* _Given entries_
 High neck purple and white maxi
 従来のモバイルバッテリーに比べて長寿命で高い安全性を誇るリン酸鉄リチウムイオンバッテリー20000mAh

...

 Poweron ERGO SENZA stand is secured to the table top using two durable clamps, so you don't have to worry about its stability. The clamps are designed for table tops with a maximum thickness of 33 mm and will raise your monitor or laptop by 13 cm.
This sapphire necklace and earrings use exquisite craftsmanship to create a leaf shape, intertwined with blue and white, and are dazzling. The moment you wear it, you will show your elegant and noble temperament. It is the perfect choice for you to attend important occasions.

* _Aim of the exercise_
Please return all lines from the records that hold the word "will".

* _Answer area_
 Poweron ERGO SENZA stand is secured to the table top using two durable clamps, so you don't have to worry about its stability. The clamps are designed for table tops with a maximum thickness of 33 mm and will raise your monitor or laptop by 13 cm.
This sapphire necklace and earrings use exquisite craftsmanship to create a leaf shape, intertwined with blue and white, and are dazzling. The moment you wear it, you will show your elegant and noble temperament. It is the perfect choice for you to attend important occasions.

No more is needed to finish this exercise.